What follows is a lot of pictures of some of the quilts which I could get close enough to photograph, albeit rarely facing straight on. There were others which never seemed to be without a crowd around them.
I took this one before I realized that it made sense to take pictures with some sort of aid to attribution included, so unfortunately I have no details for it. Apologies.
This quilt, “Love-in-a-Mist” by Liz Jones, was the Quilts UK 2015 Overall Champion. Judging from the number of rosettes pinned around it, it also won several other prizes.
Just so that you can see how small it is, I photographed the winner of the Miniature Quilts section next to its label and rosette.
|Mini Medallion, by Jane Wheble|
Everyone who looked at this was impressed by the sharpness of the points of the rays.
|Mini Medallion, close-up|
There was more sharp piecing on “Whistler: Fire and Ice” by Annelize Littlefair.
|Whistler: Fire and Ice, centre detail|
I loved the fact that the dual colouring, for example in the brown sections, was achieved by very dense quilting.
|Whistler: Fire and Ice|
Colour positioning was never a strong point of mine, so I'm always impressed by people who can do it well.
|Hot Sahara, by Lyn Langford|
There again, sometimes you don't need a lot of colours to make a statement.
|Cappuccino, by Gwenfai Rees Griffiths|
|Cappuccino, centre detail|
|The Wapley Hill Tree in Winter, by Maggie Farmer|
|Beading details on the tree trunk|
Storm at Sea has always been one of my favourite blocks; I love the curved effect achieved from straight lines. It was a particularly appropriate block for a quilt celebrating the 50th anniversary of Porthcawl's Royal National Lifeboat Institution Station.
|Rays of Gold, by Bridgend Quilters|
Also curves from straight lines, I'd never come across twisted log cabin blocks before, but I really liked the effect.
|Round the Twist, by Maggie Annable|
|Round the Twist, centre block|
Obviously there were lots of appliqué quilts as well as pieced ones.
|Cactus Rose, by Ray Lawrence and Maureen Crawford|
|Morris Dance, by Judith Wilson|
This quilt, "Masquerade" by Birgit Schueller, was inspired by the Mardi-Gras-themed fabric in the centre of the stars.
|Detail showing the inspiration fabric|
The masks have coloured fibres trapped under the thread painting to add to the rich effect, some are just visible above the pink quilted feather.
|The masks in the centre|
This is only a fraction of the quilts and hangings on show, and unfortunately none of my photographs of the wholecloth quilts came out well enough to include.

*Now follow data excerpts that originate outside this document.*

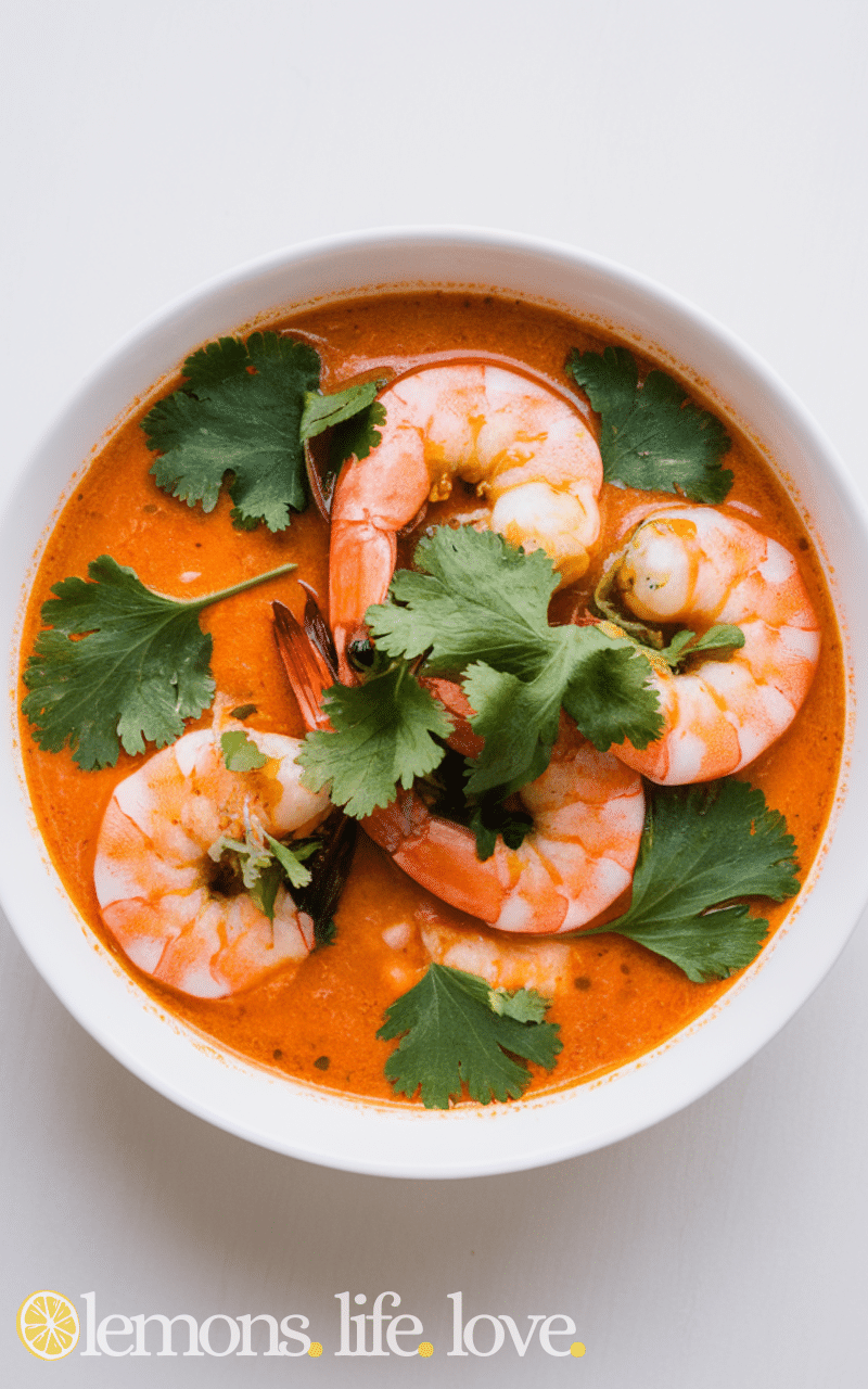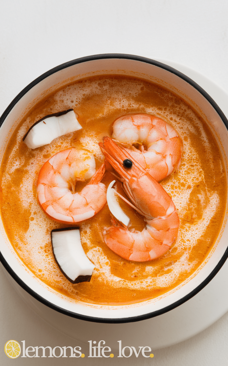 7. Serve hot for a creamy shrimp and coconut curry soup recipe
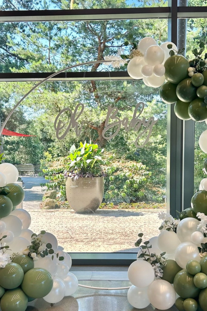 The sage green and white balloon arch feels fresh, especially paired with delicate white florals tucked in between.
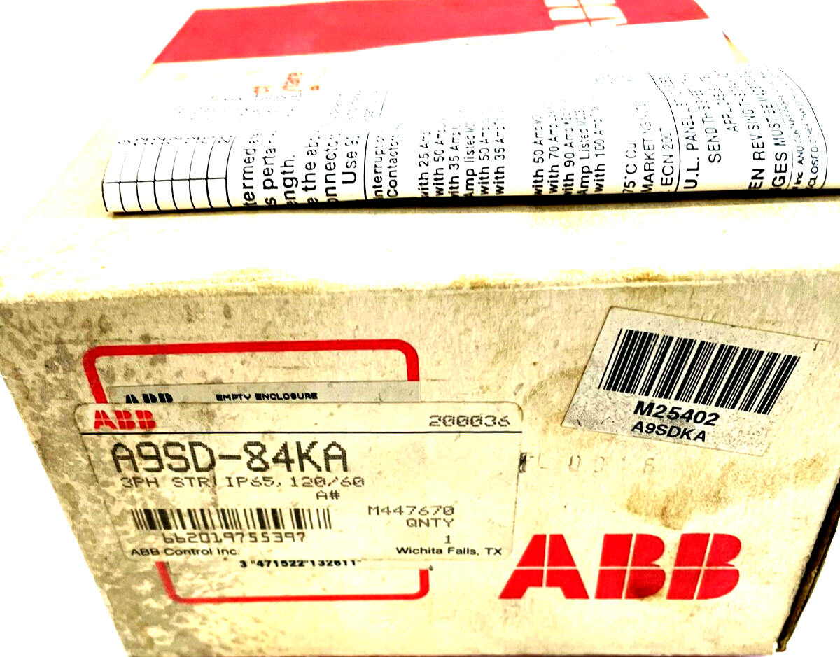 NEW ABB A9SD-84KA MANUAL STARTER 3PH IP65, 120/60AMP A9SD84KA
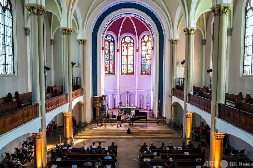 【9月22日 AFP】ドイツ・ベルリンの教会で開かれたリサイタルで、ピアニストとフルート奏者がノルウェーの作曲家グリーグ(Edvard Grieg)の曲を演奏している。
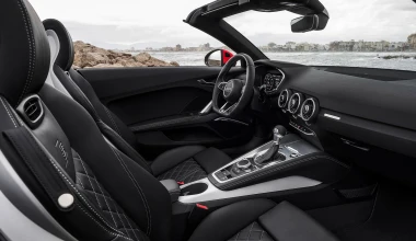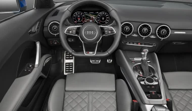 Στο εσωτερικό, η εικόνα είναι «λιτή» για τα δεδομένα της εποχής, με το σύστημα ΜΜI στην πιο σύγχρονη εκδοχή του να δίνει πρόσβαση στις επιμέρους λειτουργίες. Στον εξ ολοκλήρου ψηφιακό πίνακα των οργάνων φιλοξενείται η οθόνη στην οποία προβάλλονται όλες οι απαραίτητες ενδείξεις και πληροφορίες. Μάλιστα, ο οδηγός έχει δύο επιλογές απεικόνισης των ενδείξεων: μια κλασική με μεγάλα όργανα και μία περισσότερο εστιασμένη στην ψυχαγωγία! Η κατάργηση της οθόνης από την κεντρική κονσόλα έδωσε την ευκαιρία στους σχεδιαστές της μάρκας να παίξουν πιο ελεύθερα με τα σχήματα, επιλέγοντας για την περίπτωση του ΤΤ τρεις κυκλικούς αεραγωγούς ως κυρίαρχο στοιχείο, οι οποίοι μάλιστα στο κέντρο τους φιλοξενούν και κάποιες επιπλέον ενδείξεις.

As I was staying in the area for a few days, the next day I went for a walk. Most of the area around the Malverns is either rolling hills . . .
. . . or very flat indeed.
|Looking east, with Great Malvern in the foreground|
But in the middle is this.
|Part of the Malvern Hills, from the Three Counties Showground|
It's a popular area with walkers, and the clearly marked paths mean that even if your map-reading skills have got a bit rusty, like mine, you can't go far wrong.
|Sugarloaf Hill and North Hill|
I walked up to the Worcestershire Beacon, the highest point of the Malvern Hills at 425 m / 1,394 ft. It's a long time since I've been out for that sort of walk, and I felt every foot of the climb!
|The Beacon, looking north|
Fortunately I could take a break on the way up. In the nineteenth century Malvern was a spa town, its pure water famous for "containing nothing at all". One of the many springs on the hills was St Ann's Well. The spring is now housed in this little building, which is also a cafe.
|St Ann's Well|
After all this I fancied a trip to somewhere flatter, so spent a day in Cheltenham, where I found something which looked very familiar. But that's a subject for another post.